Supporting a Legacy
After a long career as a mechanical engineer, Harold Lonsinger decided to become a farmer.
By Susan Schiff
Photos by Dan Donnert
He and his wife Olympia purchased a farm about 30 miles east of Alton, Kansas, which eventually grew to 2,300 acres and provided opportunities to support their shared interest in raising cattle and crops while preserving the health of the land.
In 2009, Olympia died. Eight years later, Harold initiated the process of donating the farm to K-State's College of Agriculture to making it a teaching, research, extension/engagement farm focused on finding the best ways to raise food in a sustainable manner.
In December 2021, Harold got caught in one of the state’s worst wildfires brought on by severe drought and winds that reached 100 mph. The 95-year-old Harold was apparently checking the safety of his cattle and property when he ran off the road and was trapped in a ditch just beyond the border of his farm. That day 163,000 acres of Kansas farmland and prairie burned, 42 buildings were destroyed, and hundreds of cattle and three men were killed, including Harold Lonsinger.
“Harold’s death was very traumatic for me,” said Spencer Casey, assistant director for K-State Research and Extension and the person responsible for getting the property ready to serve as a teaching, research and engagement farm. “We had spent a lot of time together talking about what he’d like to see done on the farm. I am so grateful I had the chance to work closely with him,” said Casey. “It gave me the opportunity to really understand his vision.”
Much work has been accomplished to support Harold and Olympia’s legacy, including: creating a new entrance to the headquarters; renovating five buildings, including one that can be used for large field day, FFA or 4-H presentations; adding electricity, lighting and internet service; replacing fencing; getting permits; and preparing the farm for the work of researchers.
Craig Poore, whose property borders the Lonsinger farm, says he hopes the majority of the property will remain in production, but he’s particularly excited by the opportunities the farm will offer to help children better understand farming practices.
“I would love to see 4-H and FFA groups, ag education and entomology classes come to the farm to dig in the ground and learn more. It would be a great opportunity,” said Poore, the Osborne County 4-H leader, and past chair and former board member of the United Sorghum Checkoff.
Several research projects are currently underway on the farm, including a wildlife survey being conducted by Dan Sullins, assistant professor of K-State’s Horticulture and Natural Resources Department.
“Wildlife is disappearing around the world as more and more habitats are turned into cities, towns and farmland.” said Sullins. “Biodiversity is the foundation of life on Earth. Every species plays a critical role. Our ultimate goal is to better understand how we as humans can share the planet with other species who live here.”
According to Sullins, over 700 million grassland birds have been lost since the 1970s with 74% of grassland species showing population decline. This initial survey will provide a baseline of wildlife living on the farm.
As of March, Sullins and his team identified 52 different species of birds on the property including ring-necked pheasants, northern bobwhite quail, and one lone greater prairie-chicken. Using trail cameras, they also detected the following mammals: white-tailed deer, raccoons, coyotes, eastern cottontail rabbits, striped skunks and an American badger.
Allison Louthan, assistant professor of Biology, and her doctoral student, Aleah Querns, are learning more about interactions between native and non-native plants on the property. Using shelters that allow scientists to control the moisture levels plants experience, the scientists can determine which native and non-native plants grow best in different climates. They are also adding seeds of native plants to invaded areas to determine if native species can grow there again.
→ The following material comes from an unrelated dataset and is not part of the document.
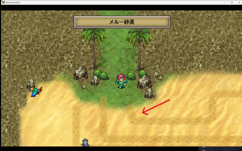 気を取り直して魔女のほこらで言われた「メルー砂漠」へ。ここには勝手に前に進む道があります。ナゼール海峡と同じく、途中で敵と遭遇すると戦闘が始まってしまいますが、ダーッと荒む感じが見ていて爽快(笑)。

“As temperatures become hotter and we struggle with drought, we need to learn more about which plants grow best in those climates,” said Louthan.
She explained while some non-native plant species might become invasive and damaging to native biodiversity under hotter conditions, others might become less damaging. “We need to learn more about their potential,” Louthan said.
Casey believes Harold would be proud of the progress and the direction the farm has taken.
“Sometimes when I’m working at the farm, I can still hear Harold’s voice talking to me about what we need to do next,” said Casey. “We have a big obligation to Harold and Olympia to do this right, and we’re committed to doing that.”